LOA: Unrequited love recurs as a theme in The Cabala, Bridge, and The Woman of Andros. While Wilder never made his sexual preference explicit during his lifetime, do you think that lines like “And at once he sacrificed everything to it, if it can be said we ever sacrifice anything save what we know we can never attain, or what some secret wisdom tells us it would be uncomfortable or saddening to possess” from The Bridge give us a clue?

McClatchy: I think Wilder’s sexual desires were largely a mystery to him—and they certainly are to us. He seems to have been baffled by his own homosexual desires and ashamed of his furtive attempts to act on them. As you suggest, that may very well have given him a sharper sense of exclusion, disappointment, and secrecy than other novelists have had. Sex and Sensibility . . . an endlessly intriguing and elusive connection.

LOA:How did you first become involved with the work of Thornton Wilder? Did you discover new things about his work in putting the new volume together?
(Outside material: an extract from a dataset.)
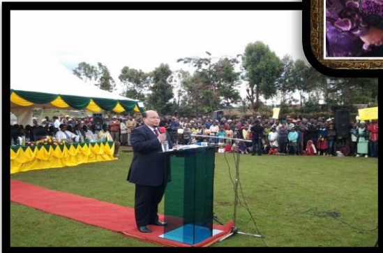
Probase Meru Road Project Opening Speech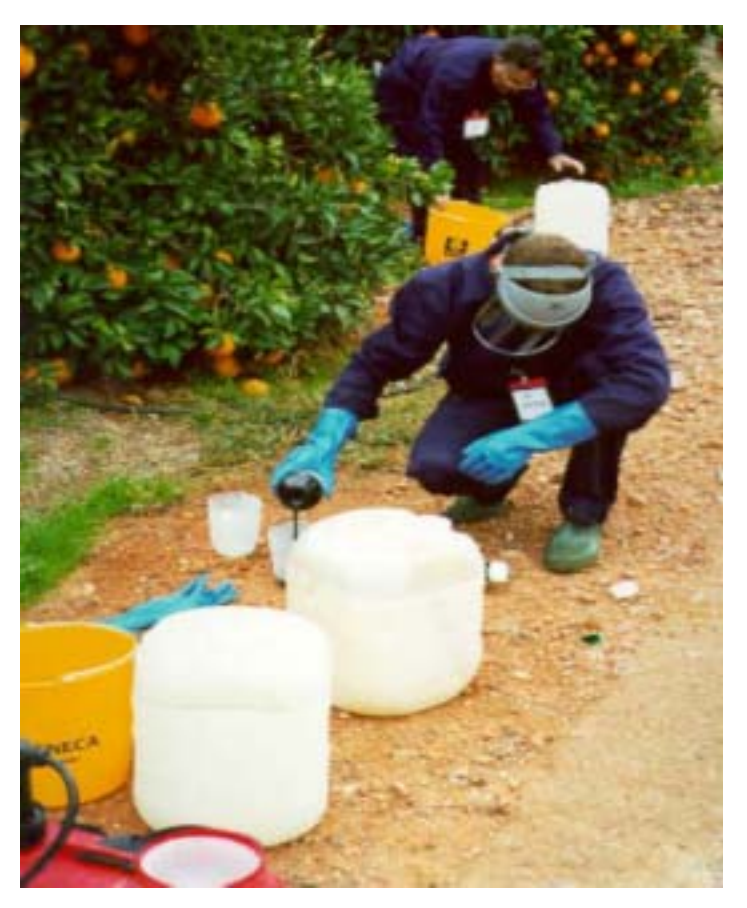
Training demonstration, citrus in Spain, measuring and loading Gramoxone.

Syngenta is committed to the FAO International Code of Conduct on the Distribution and Use of Pesticides. The FAO

McClatchy: I started reading Wilder’s novels in high school—The Bridge and The Ides of March. The others came later, as did my appreciation of those two familiar novels. This parallels the fate of Our Town: you first encounter it when you are old enough to be touched by it but still too young to understand its depths. And later you realize it is not the sentimental chestnut you’d remembered, but a dark, wrenching, overpowering work about human memory and loss. So too with these first five novels of his. Encountering them again, having oneself acquired the scars on the heart Wilder had set out to reveal, you feel you are at last reading them for the first time, in all their true freshness and wonder and gravity. I sit stunned, time and again, by their shimmer and tensile strength, their miraculous access to the soul’s secrets.